SSL Connection to MySQL database


I have read some answers here on serverfault that suggests it is not a good idea to open a MySQL port to the firewall, so I am trying to setup accordingly.

Two options remain to connect to MySQL:

  • SSH Tunnel
  • SSL Configuration

I have successfully managed to connect to the database with SSH Tunnel when using a database management tool – DBeaver on Windows 10, so for normal database SQL queries I use manually I am able to work.

The problem is I use a 3rd party data importer for Magento 2 – Magmi which has a web-interface. (also written in PHP).

There are no settings to connect via SSH Tunnel, only SSL settings : _SSL CA, SSL Cert, SSL Key.
I assume these settings are specifically requesting for certificate file location.

NORMAL BEHAVIOUR of Magmi:

**TO LOGIN to the web interface, you specify MySQL database details of Magento 2, and it verifies against a database user. In other words before you can access the /magmi.php, it verifies again **

  • How would I go to setup SSL configuration so that I will be able to connect to MySQL that way?
  • Do I need to create a new SSL certificate/key set, or can I use the Nginx one – I have the local Nginx certificate/key, they are not CA signed, in otherwords just the cert/key created internally

From the SSL Configuration settings of Magmi web interface:

SSL Settings – If incorrect settings are used here, you may lock yourself out of these settings, only way to fix is to manually edit magmi.ini.
Keep value empty if one of the SSL Certificate settings are not used (for instance only SSL CA certificate)
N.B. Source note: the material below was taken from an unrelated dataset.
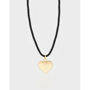 The heart is elegantly suspended from a contrasting black braided cord, offering a touch of raw, organic texture. This design, blending the cord’s subtle woven pattern with the heart’s radiant glow, captures the essence of earth, sky, and light, reflecting Malisse’s inspiration from the northern lights and the timeless allure of nature’s artistry.

NOTE: I have tried using the Nginx cert/key set (readable as web-server user) (leaving CA value empty), but it does not authenticate me correctly. (prompting over and over for login).

I guess I need to do something extra so that it will work with MySQL.
I assume for DBeaver specifically the cert needs to be installed on Windows OS.

1 – DBeaver interface (so that I can test it directly from Windows)

2 – From web server (Ubuntu) where Magmi is located at the same destination as web site /var/www/html/magento2

Setup

At the moment Local network, but I would like to make sure the setup will work once site go onto internet hosted setup

  • Windows 10 which I am working from
  • Ubuntu Web Server which I can access via SSH/Putty/DBeaver from Windows 10
    • Server setup:
      Apache web server,
      Nginx proxy with SSL configured forwarding to Varnish,
      Varnish cache on port 6081,
      MySQL Server on host

SSL works, I am able to connect to https://localsite.

TLDR

SSL works, I need setup assistance for MySQL to work with Magmi/DBeaver via SSL option so that I can get a MySQL database user authenticated on web-interface login. (as there is no SSH tunnel/MySQL option). I need the web interface of Magmi to change settings, import files etc.